Unlikely lord of the long haul

Never heard of a pro-tourer? You have now.

Nobody knows what this thing is, exactly. Even H-D enthusiasts are momentarily perplexed by this sinister beast with its fat rear rubber and stealth fighter styling, looking as much like a George Barris mock-up for a remake of “Road Warrior” as any V-Rod model they’re acquainted with. Untrained eyes have an even harder time of it, mistaking it for some kind of avant-garde custom creation or skunk works pro-street screamer. And then their eyebrows arch when they notice the subtle “Harley-Davidson” script on the airbox cover, followed invariably by an incredulous, “It’s a Harley?”

This machine exudes menace in the same way squint-eyed strangers in black dusters exude menace. Kick in an Ennio Morricone soundtrack and they’d be clearing the women and children from the street when I ride into town, basking in a badness-by-association inference I reinforce by refusing to smile or respond to inquisitive onlookers with anything more than mumbles, faint nods, and a mien of pure smugness like I’ve just won this bike in a fiddling contest with Old Scratch.

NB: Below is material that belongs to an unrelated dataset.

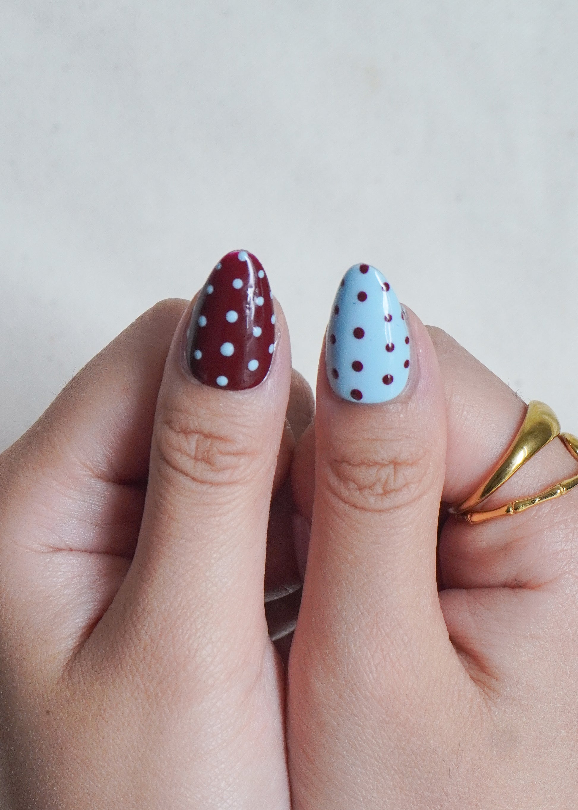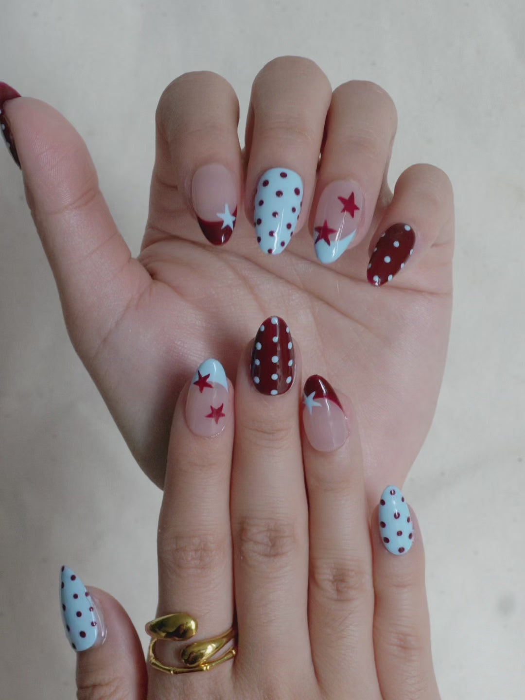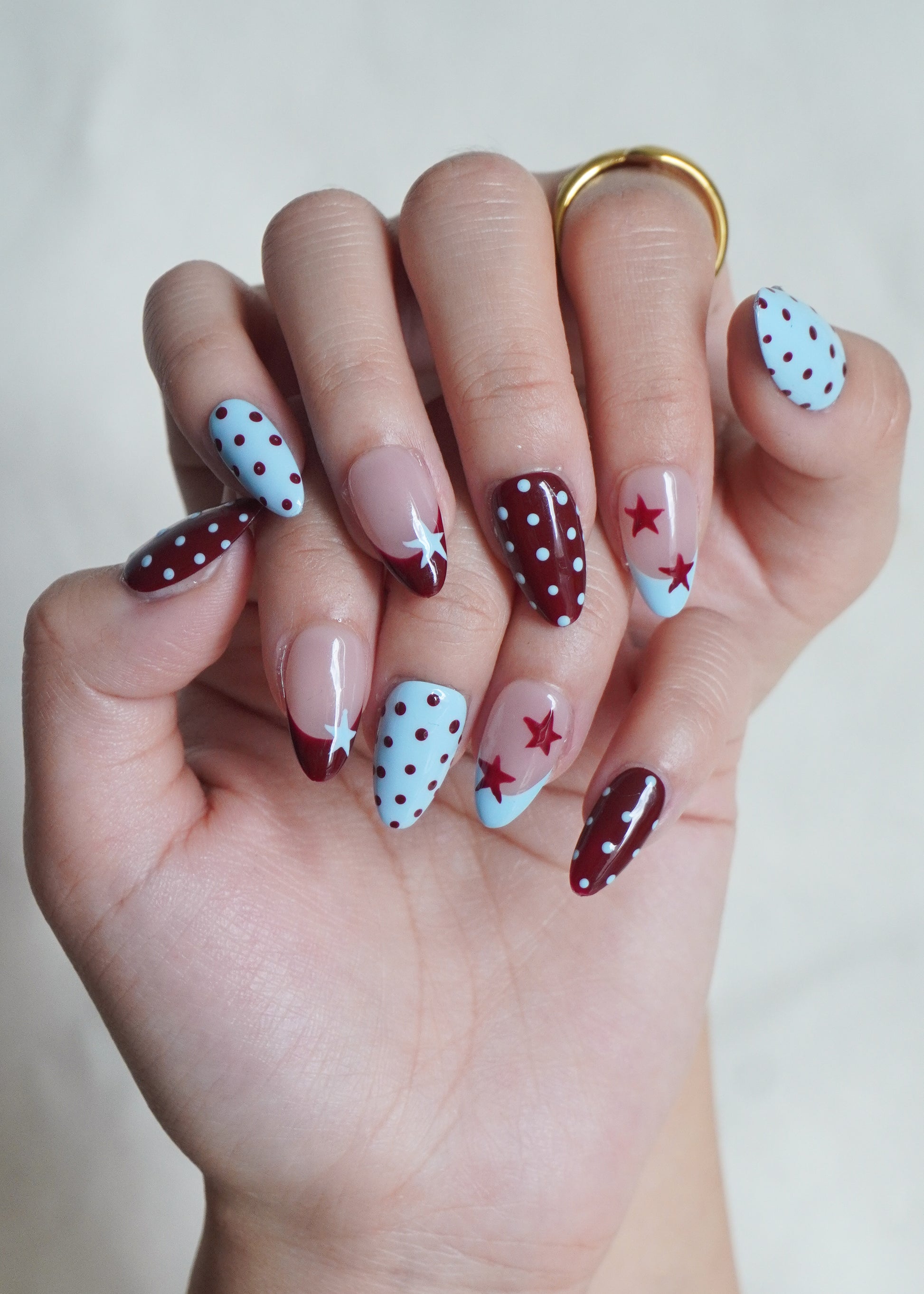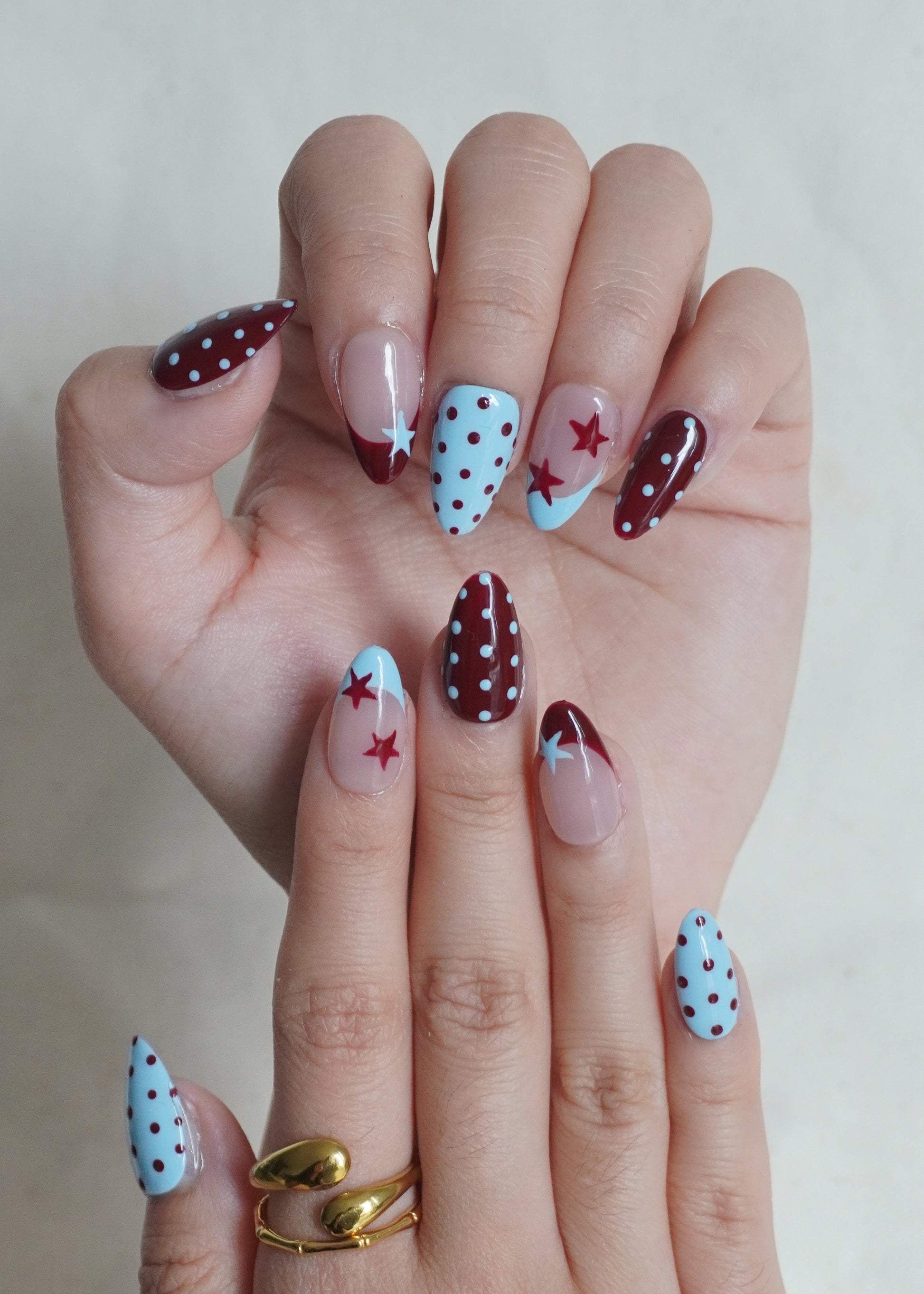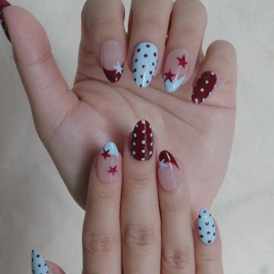 Cosmic Pop Press On Nail Set brings a retro twist to autumn with its sky-blue and wine-red combo, decorated with playful stars and dotted patterns. The design strikes the perfect balance between bold expression and everyday charm, a mood booster for any outfit.

The Night Rod Special is the latest and most outrageous addition to the VRSC platform; the unholy fruit of an experiment in genetic meddling with recombinant V-DNA; an experiment that’s gone horribly, horribly… right. What makes the Night Rod Special special involves three basic mutations to the pre-existing VRSCD Night Rod, the first and most operationally significant being the splicing of V-Rod forward foot controls onto the machine. That change away from midmount positioning, combined with drag bars and a slammed rear suspension, alter the Special’s personality—and ergonomics—dramatically. Mutation number two is the uptick in rear tire size to the 240mm Dunlop that debuted on the 2006 Screamin’ Eagle V-Rod, and lastly and most noticeably, is the utterly unchecked use of black paint, powder coating and anodizing on the whole package. The Special is available in either Black Denim on Vivid Black, or Vivid Black on Denim Black—and you can substitute “flat” and “gloss” for those factory terms.

Ergo eccentric
In recent years there’s been a determined campaign on the part of The Motor Company to tighten up the ergonomic triangle of handlebars, seat and footpegs on virtually all their models, with the objective of tailoring the machines to reach a shorter—and thus wider—audience, most notably the distaff. The losers in that campaign have been the long riders—those over six feet tall—who’ve had to scrunch up somewhat to comport themselves to the new order. Happily, the Special missed that memo completely and went off in the other direction, setting its own defiant agenda and configuring a triangle that doesn’t just favor the tall, it demands the tall. The result is a seating position and posture unlike any other Milwaukee model, and not by a little. Even at 6-foot-4, I initially found the Special’s stretch so unfamiliar that my first impression upon mounting the machine at Harley’s Fleet Center in L.A., in preparation for a 500-mile shakedown cruise was an audible, “Uh oh.” Feet way forward, butt well back, and arms near the limit of their extension, I felt folded like a taco shell, and the possibility that this would prove a reasonable posture for long-distance riding seemed laughable. That concern was dispelled within the first 50 miles on the freeway as my body settled into the wind and I suddenly found myself perfectly situated for the draft, and remarkably, enduringly, comfortable.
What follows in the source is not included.